> Stored entries
● ● ● ● ●

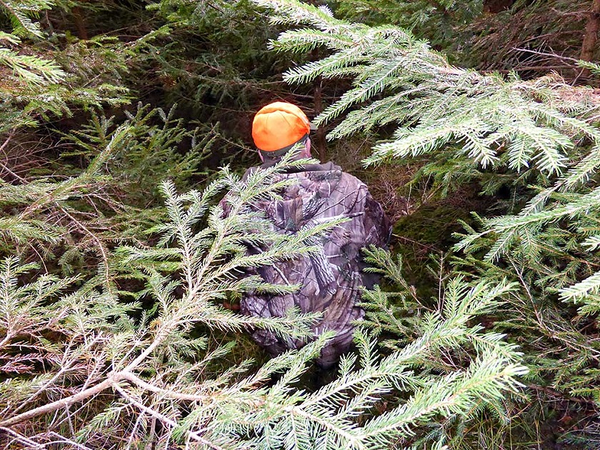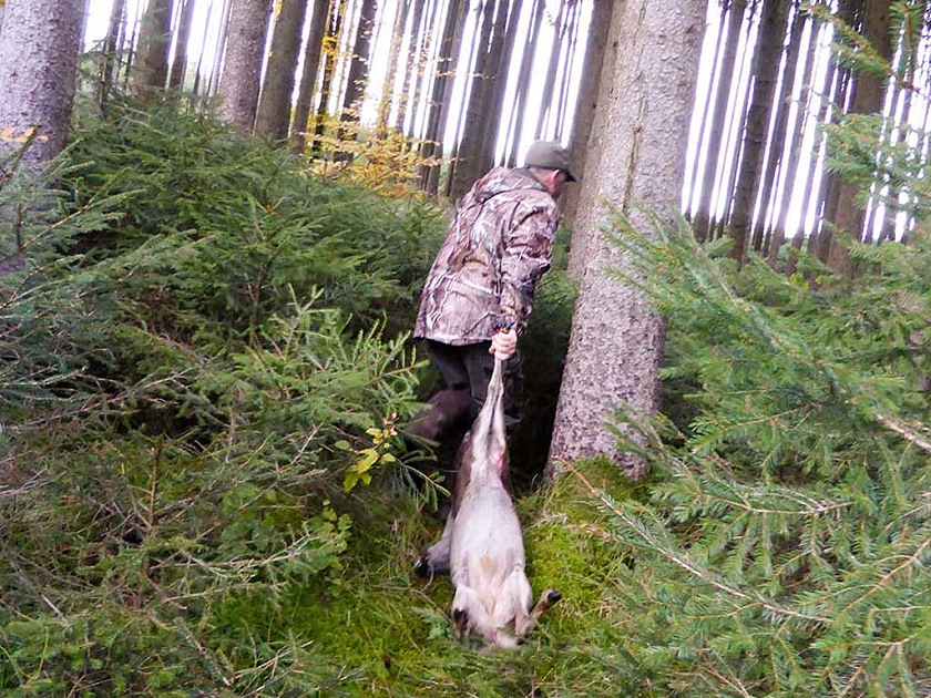 Da ist wieder ein lautstarkes Gebell unterwegs herunter zu mir vom nachbarschaftlichen Forsteinstand. Kein Wild ist zu sehen. Kurzes Warten – dann aber doch; etwa 70 Meter vor dem großen Fichtenanflug sehe ich etwas mit langen Ohren, halb verdeckt von Büschen. Ein Hase? Nein, beim genaueren Hinsehen ein schwaches Kitz, das hinter einer Buchenverjüngung mit proportional viel zu langen, stehenden Ohren herüberäugt. Angebackt und ein schneller, hoffentlich wildbret-schonender Schuss lassen das Kitz im Feuer zusammenbrechen.
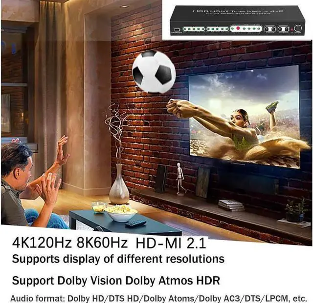 [Supports audio independent EDID] HDMI Matrix 4x2 can extract audio signal from HDMI input source and output via optical SPDIF (supports 5.1CH Dolby HD, DTS HD, Dolby Atoms, Dolby AC3, DTS or 2CH LPCM) and analog RCA (supports 2CH LPCM only).
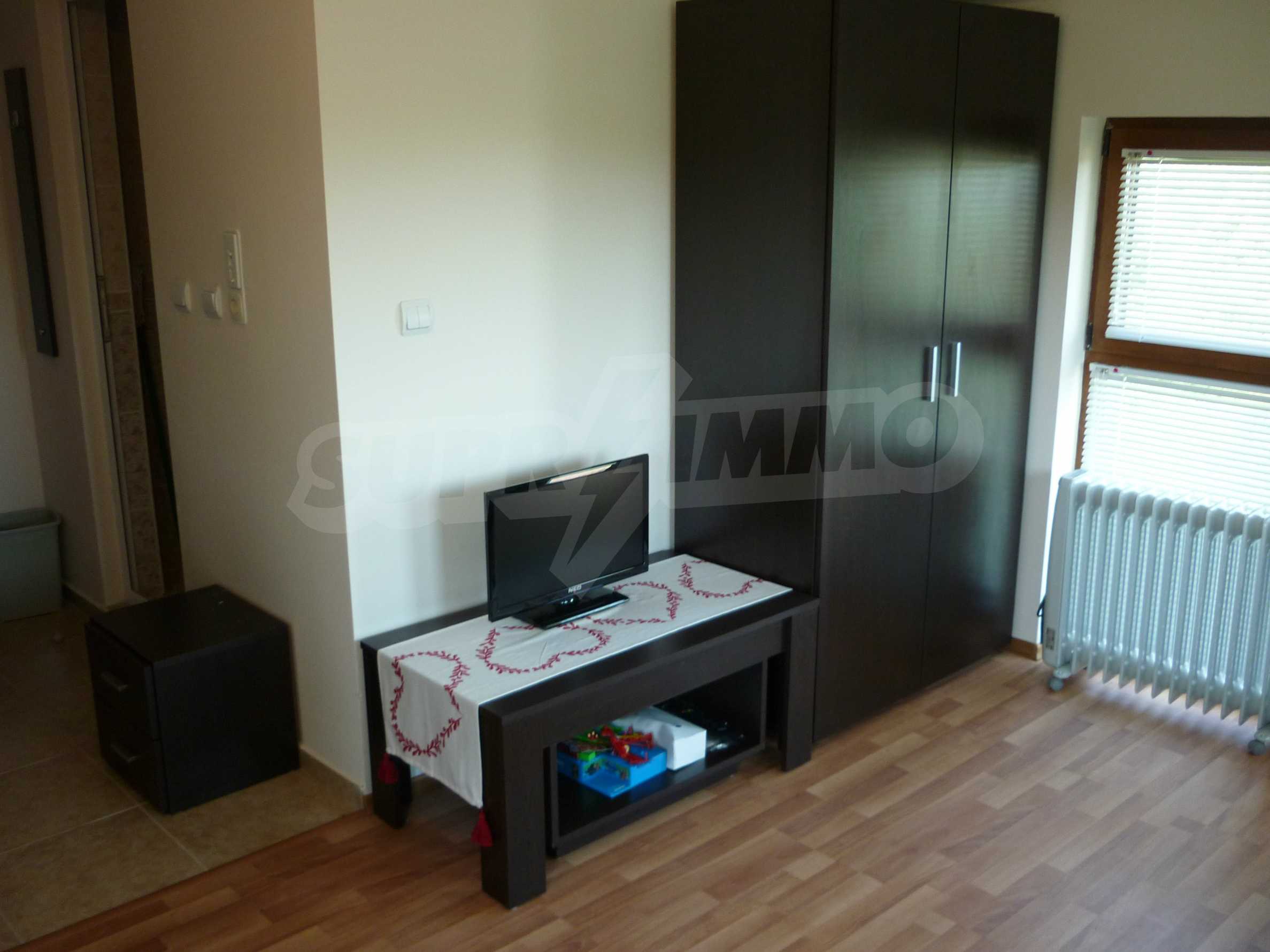 Предлагаме на вашето внимание елегантен двустаен апартамент, разположен на четвърти етаж в завършения комплекс. Апартаментът се намира в Блок 1, Сектор 2 и е с обща площ от 34.08 кв.м., от които 27.05 кв.м. са чиста жилищна площ. Имотът е еднопространствено помещение, напълно обзаведен кухненски бокс, зона за трапезария, баня с тоалетна, антре и балкон. Апартаментът е напълно завършен и готов за обитаване.
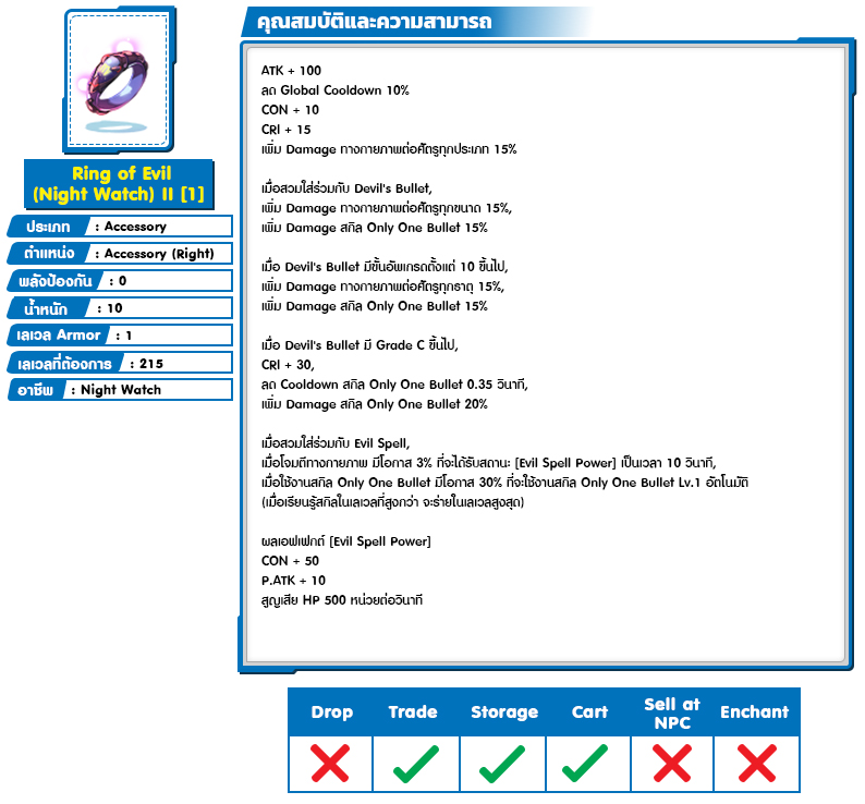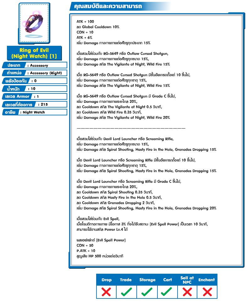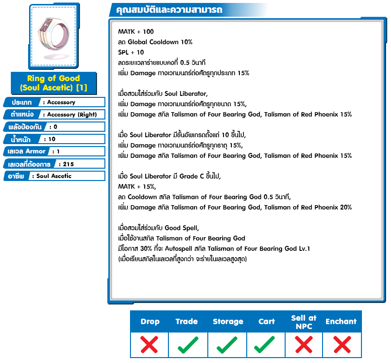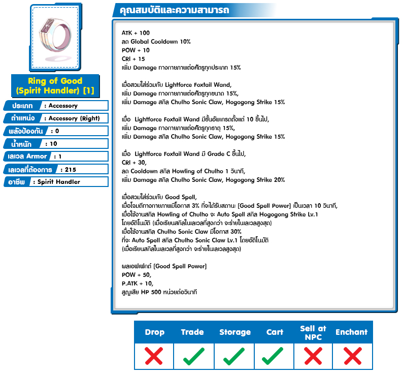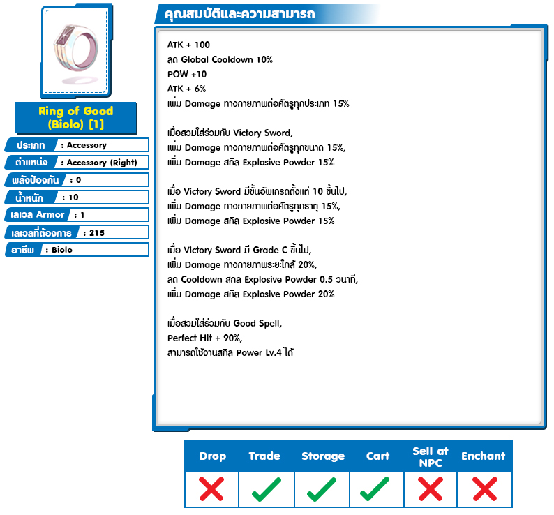 *หมายเหตุ คุณสมบัติของไอเทมต่างๆ ยึดข้อมูลจากในตัวเกมเป็นหลัก
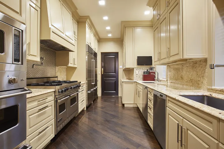 Enter into a spectacular foyer and entry gallery with a grand central stair with brass and iron balustrade and, marble floors which lead to a guest powder room and the formal dining room. The adjacent chef’s kitchen is outfitted with appliances worthy of a fine restaurant, including an eight-burner Viking range, multiple ovens, dual Sub-Zero refrigerators, and two Bosch dishwashers. A pantry and breakfast bar lead to an outdoor terrace.

● ● ● ● ●

> DIRECTIONS FOR THIS TASK
Each line from the first line of the data above through the one containing "[Supports audio independent" must be set down exactly; the pictures must not be.

> RESULT OF THIS EXERCISE
 Da ist wieder ein lautstarkes Gebell unterwegs herunter zu mir vom nachbarschaftlichen Forsteinstand. Kein Wild ist zu sehen. Kurzes Warten – dann aber doch; etwa 70 Meter vor dem großen Fichtenanflug sehe ich etwas mit langen Ohren, halb verdeckt von Büschen. Ein Hase? Nein, beim genaueren Hinsehen ein schwaches Kitz, das hinter einer Buchenverjüngung mit proportional viel zu langen, stehenden Ohren herüberäugt. Angebackt und ein schneller, hoffentlich wildbret-schonender Schuss lassen das Kitz im Feuer zusammenbrechen.
 [Supports audio independent EDID] HDMI Matrix 4x2 can extract audio signal from HDMI input source and output via optical SPDIF (supports 5.1CH Dolby HD, DTS HD, Dolby Atoms, Dolby AC3, DTS or 2CH LPCM) and analog RCA (supports 2CH LPCM only).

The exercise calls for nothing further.